→ **WHAT THE TASK REQUIRES**: Retype exactly what runs from the first line of the data to the line with "Универсальная небольшая коричневая", keeping both of those lines and skipping pictures.

─── THE DATA ───

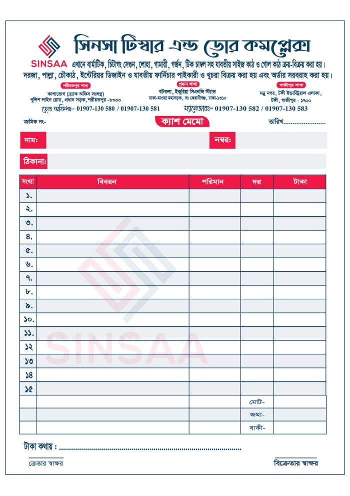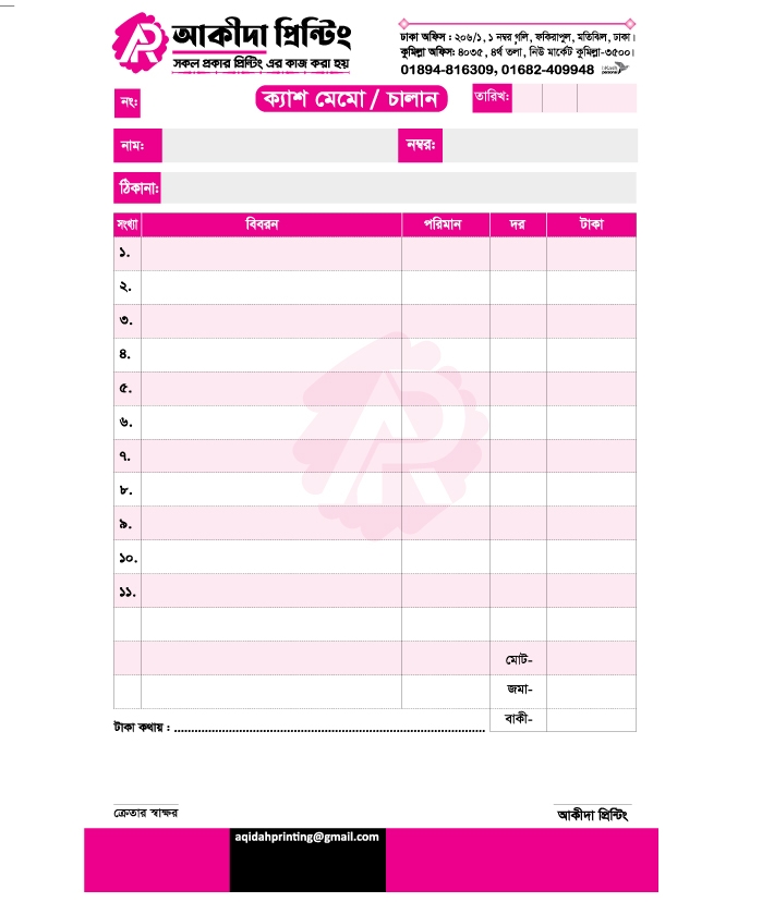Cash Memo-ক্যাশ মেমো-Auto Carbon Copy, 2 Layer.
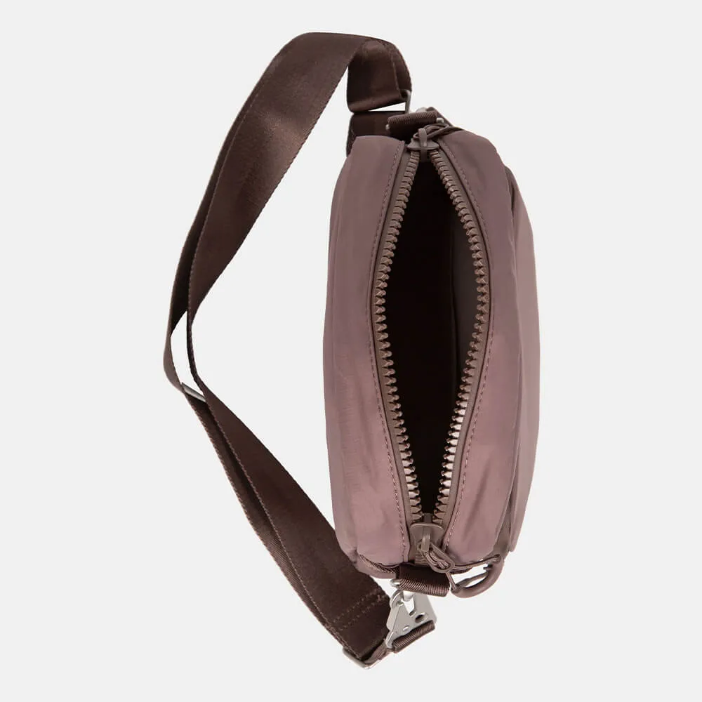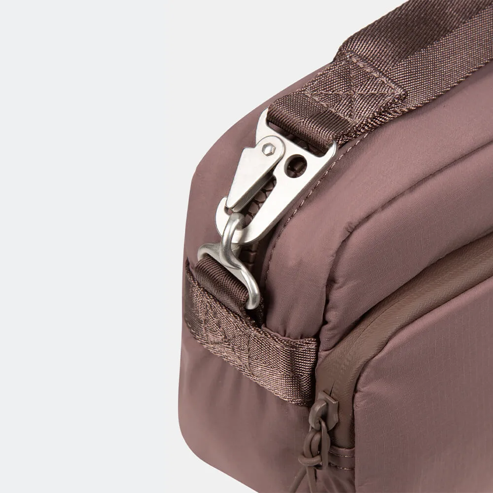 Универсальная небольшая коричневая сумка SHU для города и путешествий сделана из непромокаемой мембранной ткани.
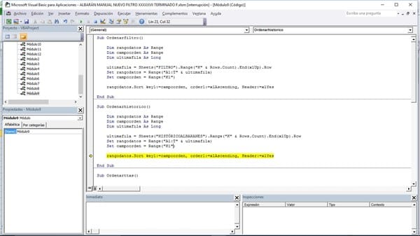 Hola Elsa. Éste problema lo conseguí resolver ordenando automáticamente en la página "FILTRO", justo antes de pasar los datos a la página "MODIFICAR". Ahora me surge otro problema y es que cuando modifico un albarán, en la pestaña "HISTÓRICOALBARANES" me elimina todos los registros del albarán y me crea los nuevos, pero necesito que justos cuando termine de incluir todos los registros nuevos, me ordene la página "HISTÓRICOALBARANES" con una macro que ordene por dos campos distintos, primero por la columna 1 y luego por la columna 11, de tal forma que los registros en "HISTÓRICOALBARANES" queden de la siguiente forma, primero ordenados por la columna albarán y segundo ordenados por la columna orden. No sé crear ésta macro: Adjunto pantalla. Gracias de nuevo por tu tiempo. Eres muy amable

───

→ **REPLY**:
Cash Memo-ক্যাশ মেমো-Auto Carbon Copy, 2 Layer.
 Универсальная небольшая коричневая сумка SHU для города и путешествий сделана из непромокаемой мембранной ткани.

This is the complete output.